Monitoring Agentic AI in the Absence of Ground Truth

Monitoring AI agents is inherently complex, especially given the lack of ground truth in generative outputs. Traditional machine learning metrics like AUC or precision-recall are no longer relevant in capturing their performance. 

Enterprises should instead create a single composite metric that evaluates end-to-end system performance through a combination of LLM metrics — faithfulness, safety — alongside business-specific performance indicators. Human-in-the-loop evaluation also remains critical, especially for high-stakes decisions, with mechanisms like pause or kill switches in the event serious issues come up.

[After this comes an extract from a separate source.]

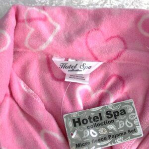 Hotel Spa Collection Pink Heart Microfleece Pajama Set Women’s Size Large

Scaling Agentic AI Workflows: LLMOps and Monitoring Fundamentals

While there are many challenges to evaluating and securing agentic AI systems, many organizations have already begun taking advantage of the technology. For new organizations look to invest in agentic AI, the following steps should be taken into consideration before implementation:

  • Robust data infrastructure to power accurate AI.
  • A single, high-value pilot use case to prove impact quickly while maintaining focus.
  • LLMOps foundations for monitoring, fine-tuning, and governance.
  • Training internal teams to follow uniform responsible AI practices.
  • Planning for scale by using enterprise-ready systems and tools.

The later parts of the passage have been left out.